Death is like a grain at the bottom
Shines with multicolored brilliance.
In a grove, in a field, in a fresh garden,
Evil horsetail and milkweed.
A sharp poison penetrates
Heart secretly burning.
Like someone behind a bush.
Behind the barn, behind the buffet
Holding a ring over wine
Monogrammed and secret.
How black is his back!
How the sun shines on the ring!
But without this grain
The taste is not the same, the wine is not drunk.10
The presence of death in the artistic world created by Iris Murdoch is all-pervasive - from the clinically impeccable fading of life ("The Dream of Bruno", 1969) to the numerous momento mori that lie in wait for the reader on the pages of her books: "... the loneliness of the sea and that special feeling, now realized as a sense of death, which it always seemed to instill in me” (“Sea, Sea”).
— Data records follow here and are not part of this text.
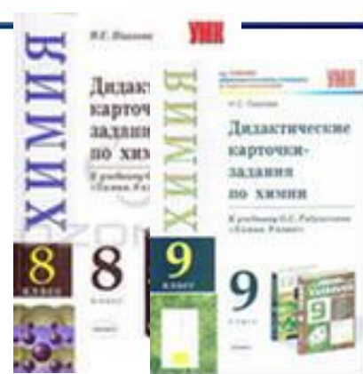
Авт. О. С. Габриелян, изд-ва 'Дрофа'.
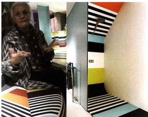
Rosita Missoni et l'espace salle de bains du off de Du Pont de Nemours pendant le Salon du Meuble de Milan

Après Zaha Hadid et Jean Nouvel, c'est Rosita Missoni qui a été choisie par Corian® pour réaliser l'espace Du Pont de Nemours qui défraye la chronique depuis quelques années dans les off du Salon du Meuble de Milan. La rencontre entre le maître de la couleur Rosita Missoni et le maître de la matière a donné lieu à un intérieur coloré aux associations chromatiques uniques. Réalisé sous la direction artistique de Rosita Missoni et supervisé par son fils Luca, le projet "Corian® loves Missoni" était marqué dès l'entrée par une pelote multicolore qui marquait l'enracinement de la marque dans la mode. "La maison est devenue mode, alors je me suis occupée de la maison" expliquait Rosita Missoni. "Ici, j'ai simplement copié les couleurs du Corian® pour faire un univers vibrant avec un coin repas encadré par deux grandes colonnes rectangulaires en Corian®, un espace salle de bains avec un paravent incurvé imprimé des motifs Missoni, un radiateur innovant qui exploite les qualités conductrices du matériau, un tapis en mosaïque de Corian®... Une optimisation et valorisation du matériau parce qu'il faut "construire la maison autour de la tête."
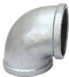
CODO 90° Disponible de 1/2 a 4 pulgadas

Sistema de conexiones disponible - METAUX de 1/2 a 4 pulgadas
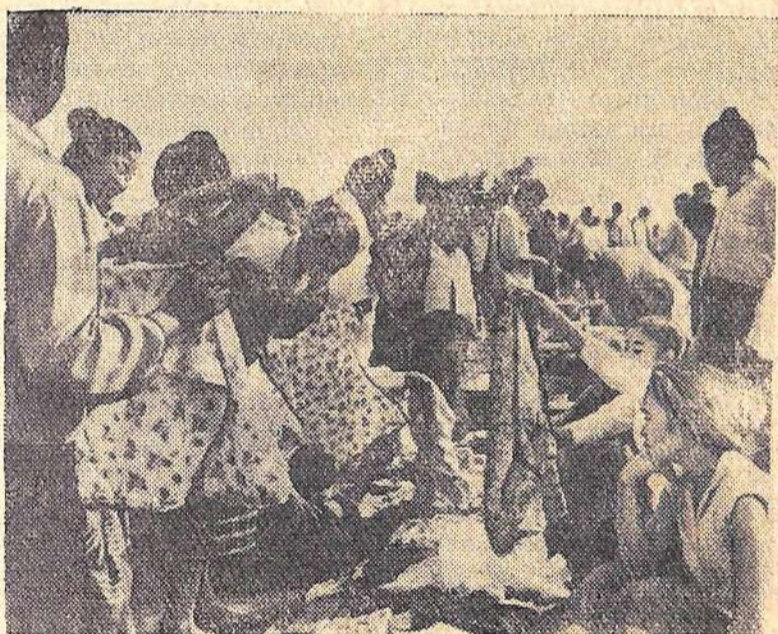
Лаос. На базаре в Сиенг-Куанге.
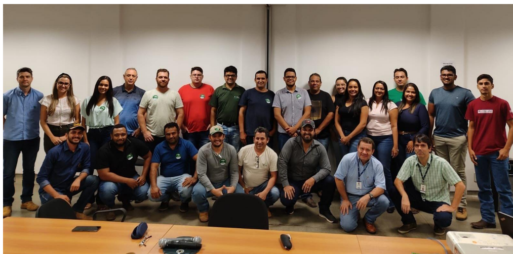
Turma reunida após muita troca de conhecimento
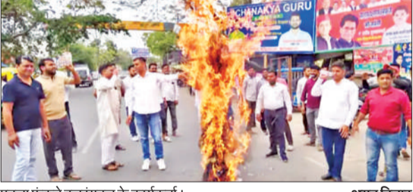
पुतला फूंकते बजरंगदल के कार्यकर्ता।
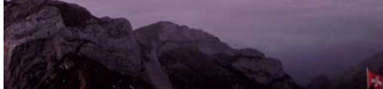
▲雲海に浮かぶベルナー・オーバーラント三山(3日目)
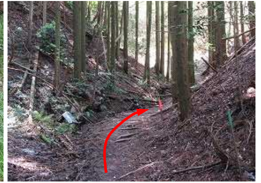
弱い沢沿いに奥へ進む。
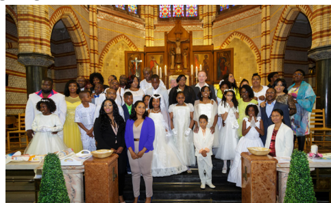
Communieviering in H. Willibrord
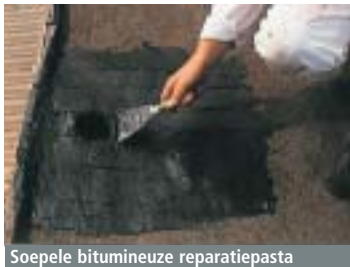
Soepele bitumineuze reparatiepasta
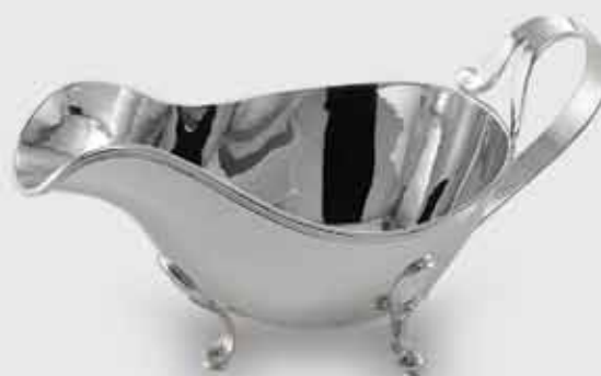
1695/Z-Salsiera Inglese liscia con zampe
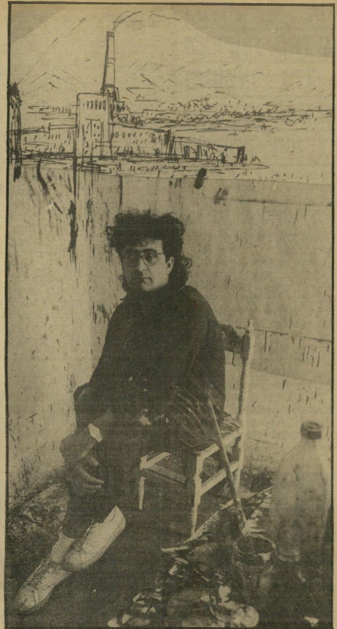
עוזרי, הסטודיו ב"רדינג" וציור צייר נמרץ ופורה

הבליינים הקבועים בעיר, החושב עצמו למבלה גדול. (אחרי כמה כוסיות הורה לפניי שהוא שתיין בינוני.) וזה נשמע כך: אני אוהב להתחכך בכל מיני את יודעת, זה עושה גם אותי כזה IN. אז כשאני יושב במוסד. ואל תתי פסי אותי במילה בעניין. ישיבה במרסר, והמבטים של אלכס אנסקי מת-
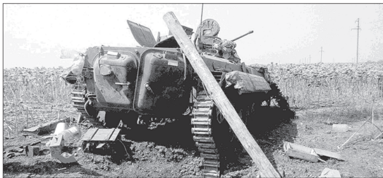
Та сама підірвана «беха» 24-ка ОМБР

— Заміновано, дорогу заміновано... — проноситься вздовж «змія». Біжу наверх, бачу розворочений зад «бехи», злетівший набік трак і розкиданих навколо хлопців. Хлопцям пощастило, що вони сиділи зверху та вибухом їх просто порозкидало. Обійшлись, слава Богам, переломами та контузіями. А ще пощастило тому, що поїхали додому раніше, ніж «змій» встиг залізти в пекло, де інколи навіть заздрили пораненим... Санінструктор 24-ки відмовляється від нашої допомоги, хлопців грузять в якусь з машин і відправляють до бункера в аеропорт.
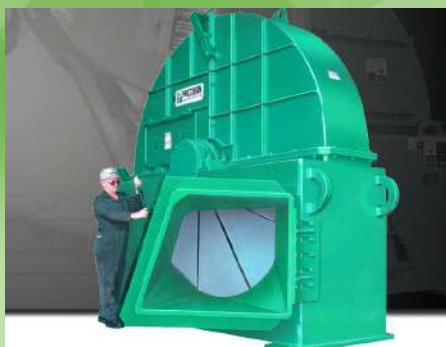
Déchetuse à disque
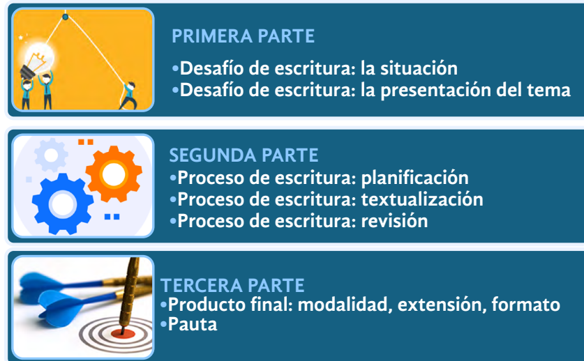
Figura 2 Etapas consideradas en el dispositivo de trabajo
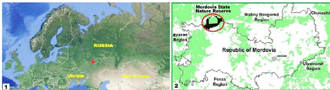
Рисунок 1: 1 — расположение Мордовского заповедника (красная точка) на карте России; 2 — расположение Мордовского заповедника (красный овал) на карте Республики Мордовии. Figure 1: 1 — the location of the Mordovian Reserve (red dot) on the map of Russia; 2 — the location of the Mordovian Reserve (red oval) on the map of the Republic of Mordovia.

Материалы и методы. Мордовский заповедник имени П. Г. Смидовича имеет площадь 32 162 га и находится в Темниковском районе Республики Мордовия (Рис. 1).
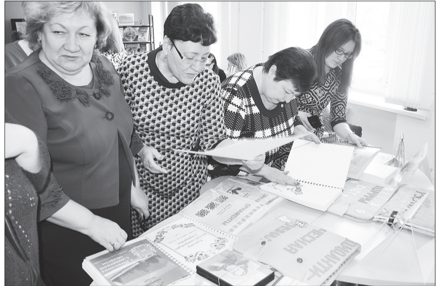
Кинельских библиотекарей заинтересовала выставка изданий, которые предназначены для слабовидящих людей.

Например, четырехтомный роман Льва Толстого «Война и мир», напечатанный рельефно-точечным шрифтом Брайля, становится изданием, занимающим несколько десятков томов. Между тем, такие книги востребованы у читателей разных поколений - в Самаре есть специальный центр, где люди с ограничениями по зрению могут освоить азбуку Брайля.
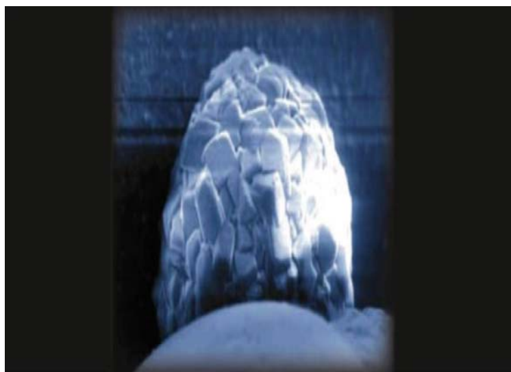
Fotografia kryształu zrobiona za pomocą elektroskopu atomowego.

Miejsca tworzenia się zarodków krystalizacji, rozmieszczone na powierzchni małych ceramiczno-polimerowych sfer (paciorków), zamieniają substancje wpływające na twardość wody w mikroskopijne kryształy
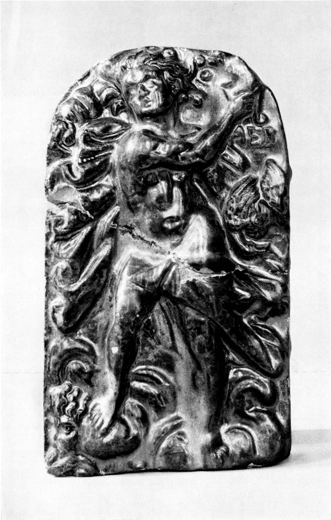
Taf. 1. Ofenkachel aus dem Grabenschutt, allegorische Darstellung der Luft (aer), etwas verkleinert.
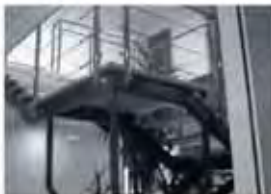
Accès de bureaux

www.metallerie-stael.com 93, rue Anatole France 59170 CROIX
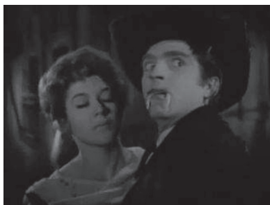
Figura 33. Vampiro vaquero en El pueblo fantasma .

Estas películas incluyeron a los actores Germán Robles y Aldo Monti, así como a otros actores, con las mismas características del conde Drácula que habían construido Méndez, Cardona y Corona Blake. Por esta razón, dichas películas contribuyeron a reforzar y a promover al conde Drácula como el estereotipo del vampiro en el cine mexicano. Finalmente, algunos westerns, tales como El charro de las calaveras , de Alfredo Salazar, y El pueblo fantasma (1965), de Alfredo B. Crevenna, también incluyeron a un vampiro como antagonista. En la primera película, el conde Drácula es confrontado por un charro mexicano y en la segunda película hubo por primera vez un vampiro vaquero, el cual chupaba la sangre de gente malvada y buscaba una amante vampira (figura 33). En comparación con otras figuras vampíricas, el vampiro vaquero tenía los colmillos más largos y combinaba la conducta de un joven tranquilo y asustado con la actitud del vampiro seductor y sediento de sangre.
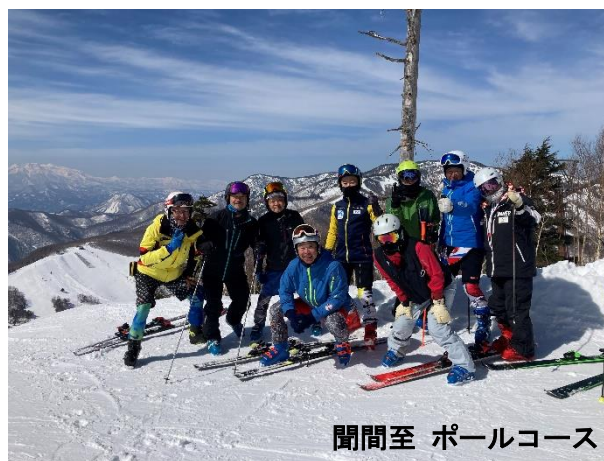
聞間至 ポールコース
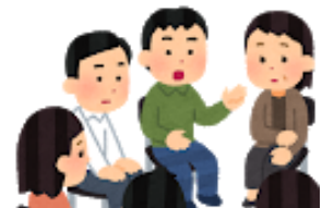
部落差別 (同和) 問題と人権
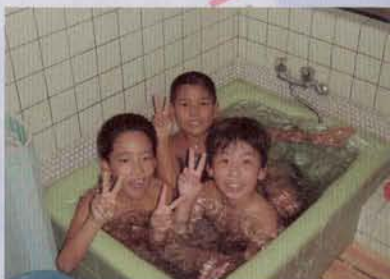
▲仲良くもらい風呂
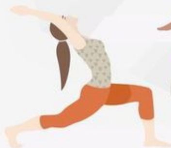
Crescent Pose Anjaneyasana
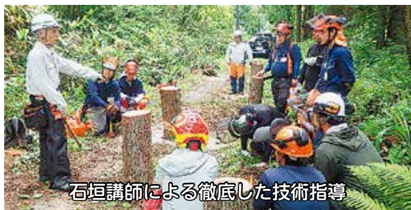
石垣講師による徹底した技術指導
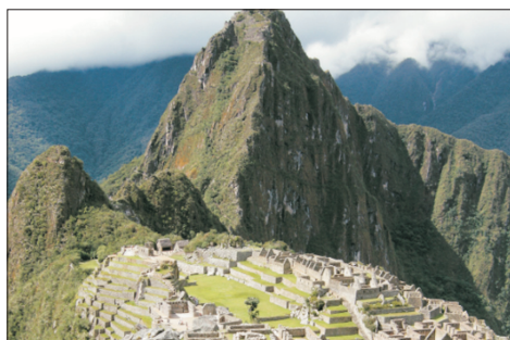
「世界文化遺產」馬丘比丘

3. 報名時客人另須付船上服務生小費，每人每晚美金$14.5，禮賓級艙房以上每人每晚美金$15，Cat S2或以上豪華套房，每人每晚美金$18，按船公司要求，此項小費須先由本公司代收。(如有更改，以郵輪公司公佈為準。)
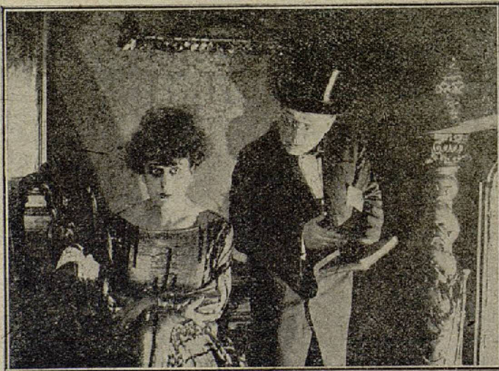
Una escena de la película «Hedda Gabler»

Dan un baile de máscaras al que Leila asiste vestida de Julieta y Sutphen, que lo sabe de antemano, se viste de Romeo. Porter, a ruegos de su esposa, se viste también de Romeo; pero hace un triste papel como el héroe del inmortal Shakespeare, mientras que Sutphen está excelente. Sutphen habla mucho con Leila, y finalmente le confiesa su amor, al que ella corresponde,
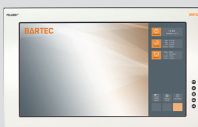
POLARIS Remote ZeroClient 17.3" W
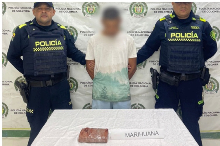
El hombre quedó a disposición de la autoridad para responder por tráfico, fabricación o porte de estupefacientes.

El procedimiento se llevó a cabo durante labores de patrullaje, registro y control en la zona urbana del municipio, cuando los policías observaron a
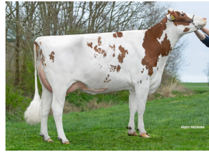
Lakeside UPS Red Range VG-86
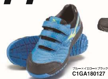
ブルー×イエロー×ブラック C1GA180127
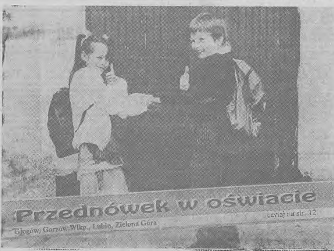
Przednówek w oświacie Głogów, Gorzów Wlkp., Lubin, Zielona Góra

Dziś rozpoczęcie roku szkolnego. Ogólnopolska uroczystość rozpoczęła się o godz. 9.30 w Świętynie — miejscowości w gminie Wolsztyn.
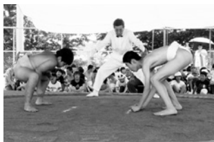
上学年はしきりもプロ級
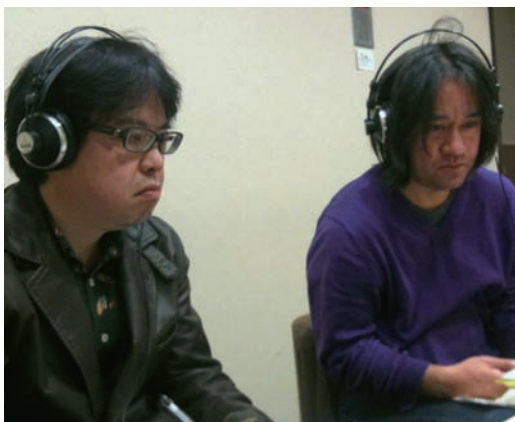
■公募作品の選考会は東京都内の会議室で行った
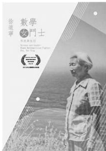
紀錄片「科技與性別——數學女鬥士徐道寧」之封面

給台灣數學教育的故事。影片藉著自述與訪談，勾勒她的生平與成長歷程，側面觀察了她作為一位女性的女性特質、資質、性格與抱負，投注她畢生智慧與精力於台灣科技與人格教育，並發揮其強大的影響力，值得讀者併同觀賞。
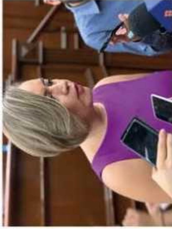
De las 13 iniciativas presentadas, cuatro fueron aprobadas, mientras que algunas ya están en proceso de ser dictaminadas, refirió la diputada del PRI.

La diputada refirió que si bien aún quedan pendientes, seguirán trabajando de la mano con las comisiones responsables de dictaminar las iniciativas que están en la espera de ser avaladas, para que se logre retroalimentarse y hacerse las consideraciones que sean pertinentes, a fin de dar paso a una legislación que impacte de manera directa en el desarrollo de Michoacán y el bienestar de sus ciudadanos.
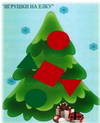
Рис. 2. Украшаем елочку

Одним из наиболее востребованных пособий для плоскостного конструирования является «Фонарики» РИВ. Чтобы работа с играми, особенно на начальном этапе, была более интересной и эффективной, нами разработаны цветные схемы, например, «Конфета на тарелке», «Украшаем елочку».
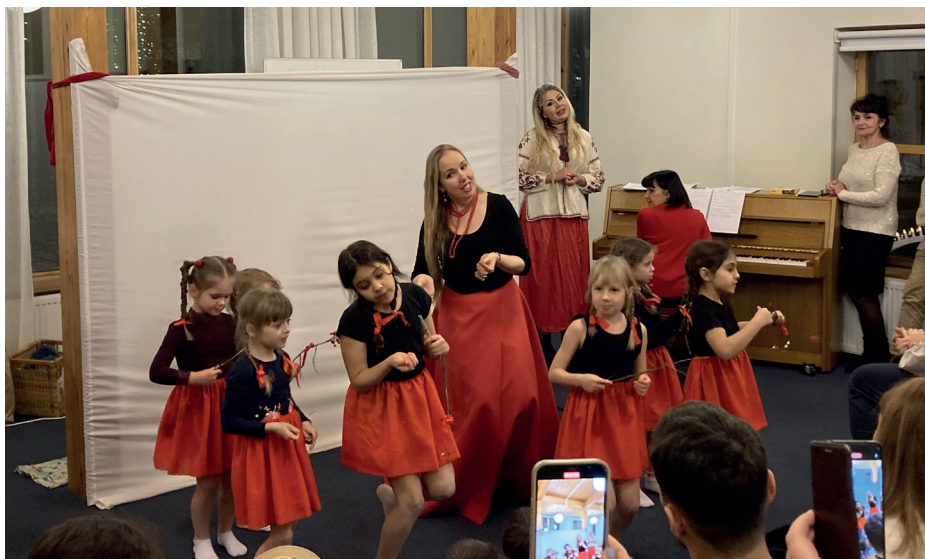
Sång- och dansföreställning av en del av Tyresös ukrainare i samband med julfirandet den 6 januari.
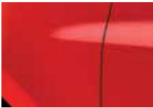
ČERVENÁ VIF (727)
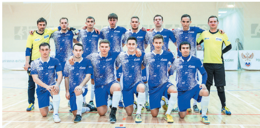
Отдыхать и расслабляться нашим футболистам точно не придется

Планы команды на будущее? Отдыхать и расслабляться нам точно не придется. Сразу по прибытии в родную Башкирию практически вся дружина мини-футбольного «Витязя-ГТУ» начала приобщение к новым реалиям. Наша команда будет выступать в третьем дивизионе первенства России по классическому футболу. Состав коллектива не изменится, произойдет лишь точечное усиление по позиции.

To say that the taste of death gives the sharpness of life in Murdoch's books would not be entirely accurate, and this is not the point: he imparts a special tension and purity to the very experience of life with all its injustices and even abominations, tames chaos and somehow fills life with meaning. . It is dual and dialectical, this experience, and it is impossible to understand whether the obsession with “the mute horror of mortal flesh, dull, soulless, irreversible” (“The Black Prince”) translates into a piercing feeling of “the fragility of the human body, its fragility, fragility, its complete dependence from extraneous causes ”(“ Sea, Sea ”), if, on the contrary, the awareness of the fragility and frailty of the flesh gives rise to the fear of death.